=== Section Start ===
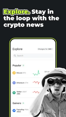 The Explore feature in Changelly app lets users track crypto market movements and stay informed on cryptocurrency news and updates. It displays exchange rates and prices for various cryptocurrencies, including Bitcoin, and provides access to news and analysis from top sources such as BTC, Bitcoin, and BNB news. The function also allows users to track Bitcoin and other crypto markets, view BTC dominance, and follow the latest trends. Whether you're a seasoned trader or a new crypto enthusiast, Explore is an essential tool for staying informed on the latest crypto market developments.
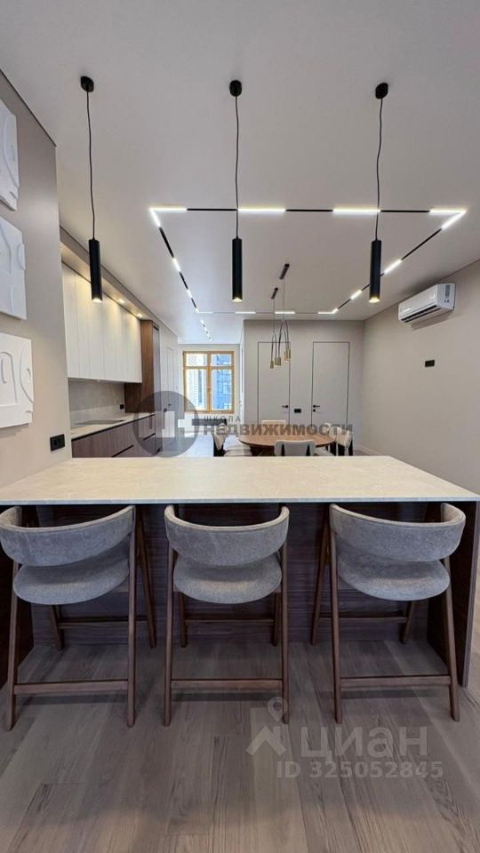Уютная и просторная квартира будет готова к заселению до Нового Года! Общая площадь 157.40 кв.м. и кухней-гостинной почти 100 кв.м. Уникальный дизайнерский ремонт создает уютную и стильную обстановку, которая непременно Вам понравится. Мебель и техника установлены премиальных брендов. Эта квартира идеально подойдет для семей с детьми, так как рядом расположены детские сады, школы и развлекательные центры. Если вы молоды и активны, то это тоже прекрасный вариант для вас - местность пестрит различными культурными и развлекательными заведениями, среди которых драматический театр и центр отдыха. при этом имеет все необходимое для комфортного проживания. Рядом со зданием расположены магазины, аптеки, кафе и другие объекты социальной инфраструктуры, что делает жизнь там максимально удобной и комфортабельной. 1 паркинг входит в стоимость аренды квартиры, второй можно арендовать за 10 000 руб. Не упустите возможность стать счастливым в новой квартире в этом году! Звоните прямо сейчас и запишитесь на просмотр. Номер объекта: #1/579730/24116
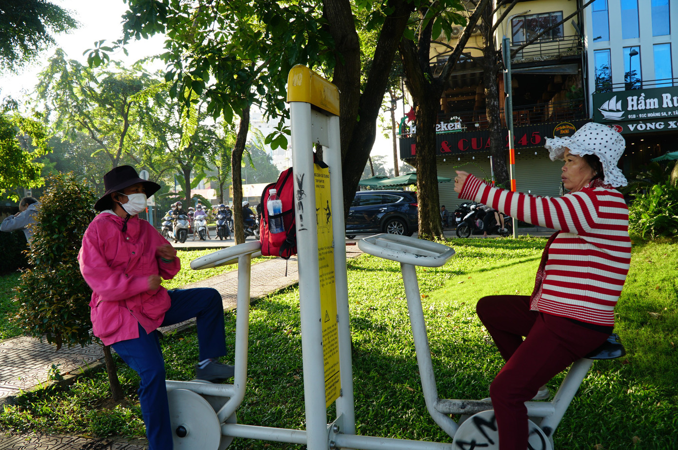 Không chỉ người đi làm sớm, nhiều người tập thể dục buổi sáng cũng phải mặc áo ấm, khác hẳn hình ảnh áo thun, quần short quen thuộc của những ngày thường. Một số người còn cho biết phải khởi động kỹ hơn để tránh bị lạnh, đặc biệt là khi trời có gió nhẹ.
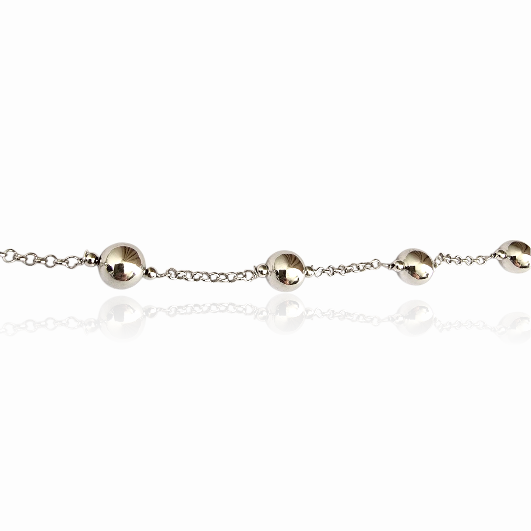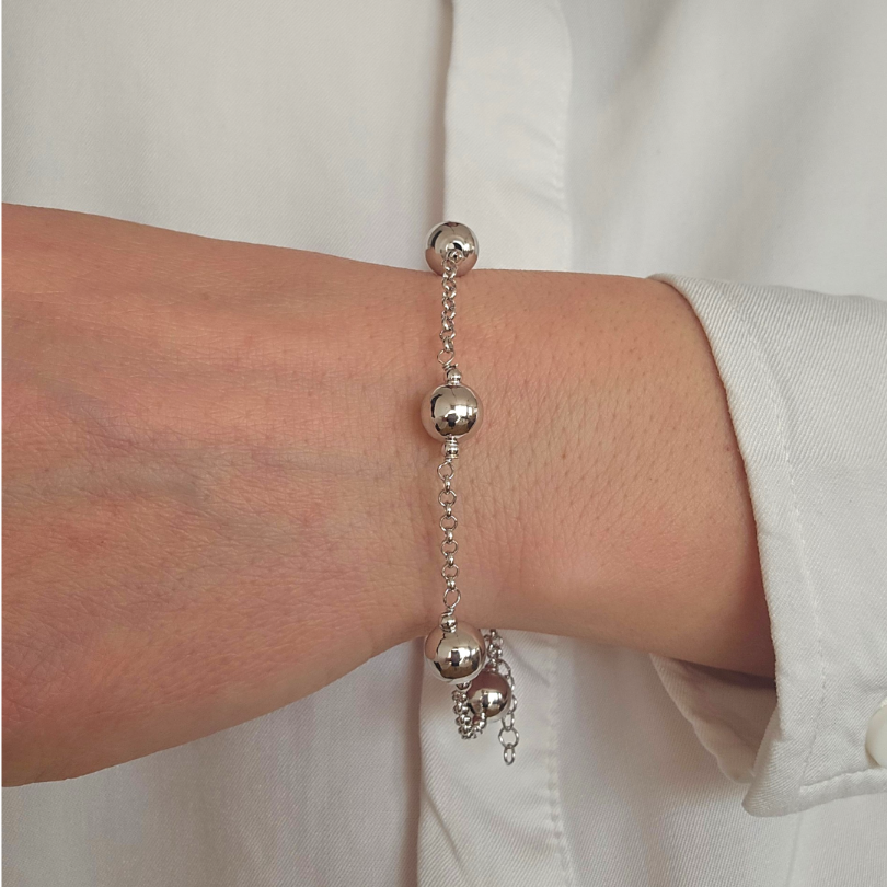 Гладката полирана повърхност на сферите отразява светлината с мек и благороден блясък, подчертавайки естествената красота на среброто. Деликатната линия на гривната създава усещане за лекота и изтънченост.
=== Section End ===
_What you will do_.
Where a picture appears, omit it, and otherwise retype the material exactly.

_Result of this task_.
 The Explore feature in Changelly app lets users track crypto market movements and stay informed on cryptocurrency news and updates. It displays exchange rates and prices for various cryptocurrencies, including Bitcoin, and provides access to news and analysis from top sources such as BTC, Bitcoin, and BNB news. The function also allows users to track Bitcoin and other crypto markets, view BTC dominance, and follow the latest trends. Whether you're a seasoned trader or a new crypto enthusiast, Explore is an essential tool for staying informed on the latest crypto market developments.
Уютная и просторная квартира будет готова к заселению до Нового Года! Общая площадь 157.40 кв.м. и кухней-гостинной почти 100 кв.м. Уникальный дизайнерский ремонт создает уютную и стильную обстановку, которая непременно Вам понравится. Мебель и техника установлены премиальных брендов. Эта квартира идеально подойдет для семей с детьми, так как рядом расположены детские сады, школы и развлекательные центры. Если вы молоды и активны, то это тоже прекрасный вариант для вас - местность пестрит различными культурными и развлекательными заведениями, среди которых драматический театр и центр отдыха. при этом имеет все необходимое для комфортного проживания. Рядом со зданием расположены магазины, аптеки, кафе и другие объекты социальной инфраструктуры, что делает жизнь там максимально удобной и комфортабельной. 1 паркинг входит в стоимость аренды квартиры, второй можно арендовать за 10 000 руб. Не упустите возможность стать счастливым в новой квартире в этом году! Звоните прямо сейчас и запишитесь на просмотр. Номер объекта: #1/579730/24116
 Không chỉ người đi làm sớm, nhiều người tập thể dục buổi sáng cũng phải mặc áo ấm, khác hẳn hình ảnh áo thun, quần short quen thuộc của những ngày thường. Một số người còn cho biết phải khởi động kỹ hơn để tránh bị lạnh, đặc biệt là khi trời có gió nhẹ.
 Гладката полирана повърхност на сферите отразява светлината с мек и благороден блясък, подчертавайки естествената красота на среброто. Деликатната линия на гривната създава усещане за лекота и изтънченост.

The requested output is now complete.